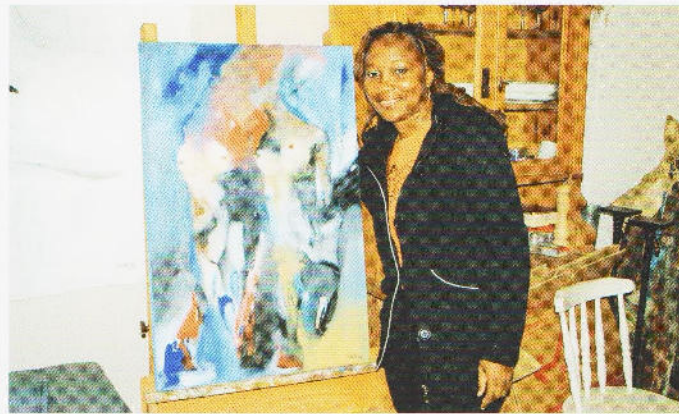
Figurale abstrakte Malerei der Künstlerin.
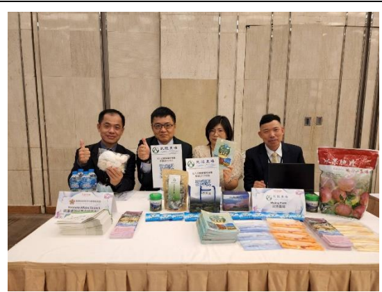
本會及農場推廣人員
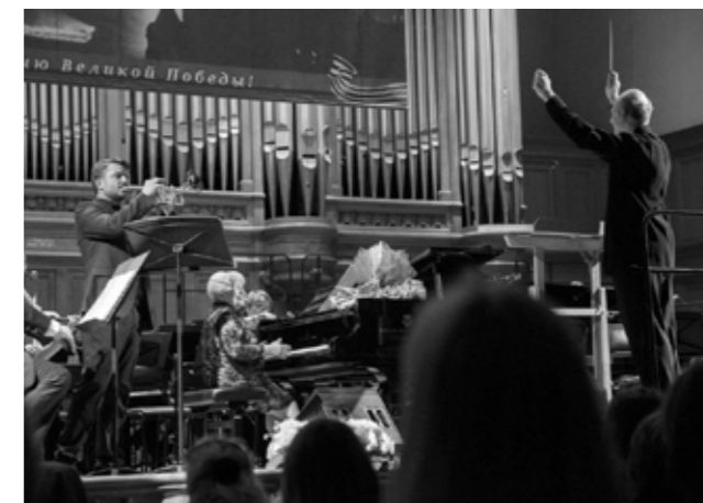
«Авторское отделение Александры Пахмутовой» БЗК, 14 мая 2015 года
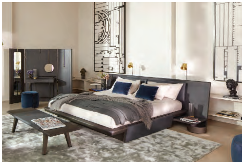
18 Cassina, Acute
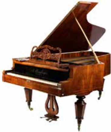
462 Promberger vleugel
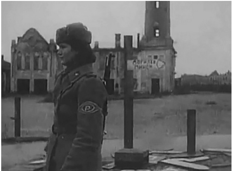
Гомель. Площадь им. Ленина. Пожарная каланча.

вогой прислушиваясь к далёкому грому артиллерийской канонады. Но страшнее всего были ночные бомбёжки. Бомбили немцы ожесточенно. Наряду с фугасными сбрасывали бомбы замедленного действия, мины-сюрпризы. Сколько людей подорвалось на куклах, на портсигарах, на вроде безобидной с виду мелочи. Прежде чем приступить к
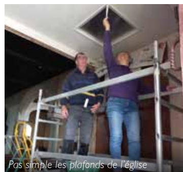
Pas simple les plafonds de l'église
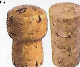
Bouchons en liège

Les bouchons en liège sont broyés pour être transformés en panneaux d'isolation acoustique et thermique pour les bâtiments et maisons, pour des revêtements de sols et de murs , et bien d'autres... Les bouchons en synthétique sont recyclés dans l'industrie plastique principalement en fibre textile .
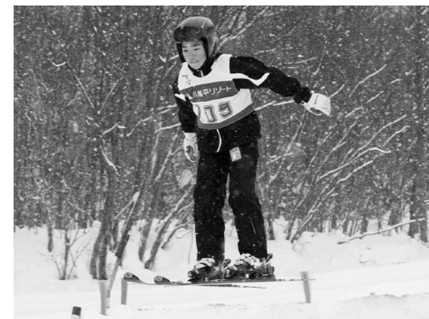
スピードに乗りジャンプ台から飛び出す参加者

ジャンプ体験教室(県スキー連盟主催)は1月9日、八幡平リゾートパノラマスキー場で開かれました。市内と盛岡市の小学生11人が挑戦。同連盟ジャンプ部のスタッフからアプローチを滑る姿勢や踏み切り方の指導を受け、スキー場内に造られたアプローチ、踏み切り台、ランディングバーンがある特設の小型ジャンプ台を飛び出しました。参加者の中には飛びだすに飛距離を伸ばす人もいて、ジャンプ選手が味わう「飛ぶ感覚」に触れました。
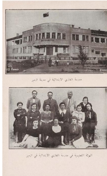
Şekil 1. İzmir şehrinde Gazi İlkokulu İzmir Gazi İlkokulu’nun Eğitim Kadrosu (el-Cemâlî, 1938, s. 28-29)

Kitabında, ilkokullara örneklik sağlaması bakımından aşağıda Şekil 1’deki fotoğrafa da yer vermektedir:
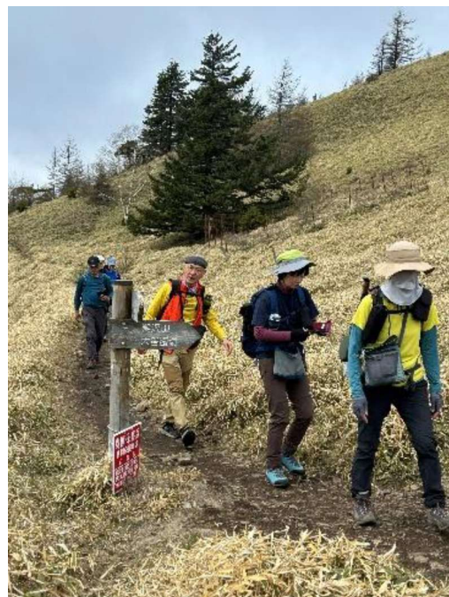
石丸峠到着お疲れ様
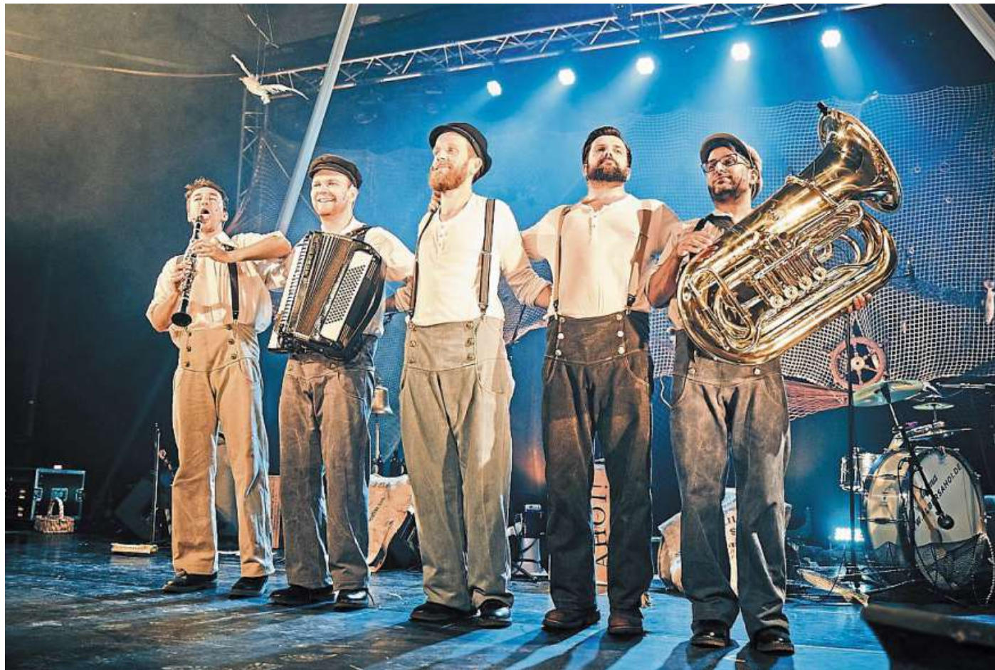
Mit viel Schwung und frischem Wind wollen fünf „Leichtmatrosen“ in der Varieté-Show „Albers Ahoi!“ das Nienburger Theaterpublikum in Silvesterlaune bringen.

Maritimes Varieté zur Einstimmung auf Silvester
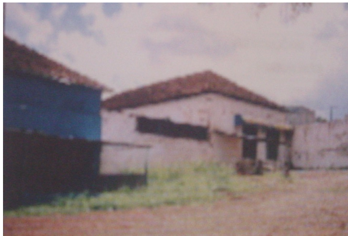
Detalhe do frontão com inscrições antigas, identificando a antiga serraria.
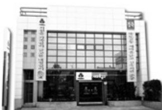
형산새마을금고 본점 전경
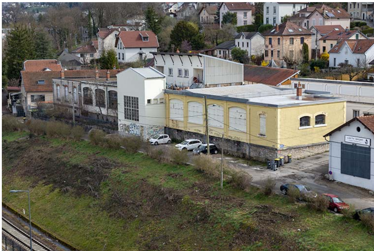
Vue plongeante depuis le sud -ouest.
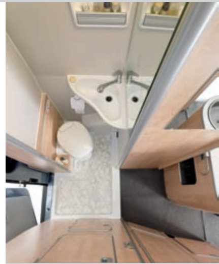
Durch das einzigartige 4-Raum-Konzept sind die einzelnen Lebensbereiche Wohnen, Schlafen, Kochen und Bad voneinander unabhängig und gleichzeitig nutzbar.

Die großzügig gestaltete Sitzgruppe bietet viel Fahr- und Wohn-Komfort. Es stehen fünf Sitzplätze mit 3-Punkt-Gurten zur Verfügung.

§ **Problem details**:
Please repeat the records above exactly, leaving every picture out.

§ **Written answer**:
Figurale abstrakte Malerei der Künstlerin.
本會及農場推廣人員
«Авторское отделение Александры Пахмутовой» БЗК, 14 мая 2015 года
18 Cassina, Acute
462 Promberger vleugel
Гомель. Площадь им. Ленина. Пожарная каланча.

вогой прислушиваясь к далёкому грому артиллерийской канонады. Но страшнее всего были ночные бомбёжки. Бомбили немцы ожесточенно. Наряду с фугасными сбрасывали бомбы замедленного действия, мины-сюрпризы. Сколько людей подорвалось на куклах, на портсигарах, на вроде безобидной с виду мелочи. Прежде чем приступить к
Pas simple les plafonds de l'église
Bouchons en liège

Les bouchons en liège sont broyés pour être transformés en panneaux d'isolation acoustique et thermique pour les bâtiments et maisons, pour des revêtements de sols et de murs , et bien d'autres... Les bouchons en synthétique sont recyclés dans l'industrie plastique principalement en fibre textile .
スピードに乗りジャンプ台から飛び出す参加者

ジャンプ体験教室(県スキー連盟主催)は1月9日、八幡平リゾートパノラマスキー場で開かれました。市内と盛岡市の小学生11人が挑戦。同連盟ジャンプ部のスタッフからアプローチを滑る姿勢や踏み切り方の指導を受け、スキー場内に造られたアプローチ、踏み切り台、ランディングバーンがある特設の小型ジャンプ台を飛び出しました。参加者の中には飛びだすに飛距離を伸ばす人もいて、ジャンプ選手が味わう「飛ぶ感覚」に触れました。
Şekil 1. İzmir şehrinde Gazi İlkokulu İzmir Gazi İlkokulu’nun Eğitim Kadrosu (el-Cemâlî, 1938, s. 28-29)

Kitabında, ilkokullara örneklik sağlaması bakımından aşağıda Şekil 1’deki fotoğrafa da yer vermektedir:
石丸峠到着お疲れ様
Mit viel Schwung und frischem Wind wollen fünf „Leichtmatrosen“ in der Varieté-Show „Albers Ahoi!“ das Nienburger Theaterpublikum in Silvesterlaune bringen.

Maritimes Varieté zur Einstimmung auf Silvester
Detalhe do frontão com inscrições antigas, identificando a antiga serraria.
형산새마을금고 본점 전경
Vue plongeante depuis le sud -ouest.
Durch das einzigartige 4-Raum-Konzept sind die einzelnen Lebensbereiche Wohnen, Schlafen, Kochen und Bad voneinander unabhängig und gleichzeitig nutzbar.

Die großzügig gestaltete Sitzgruppe bietet viel Fahr- und Wohn-Komfort. Es stehen fünf Sitzplätze mit 3-Punkt-Gurten zur Verfügung.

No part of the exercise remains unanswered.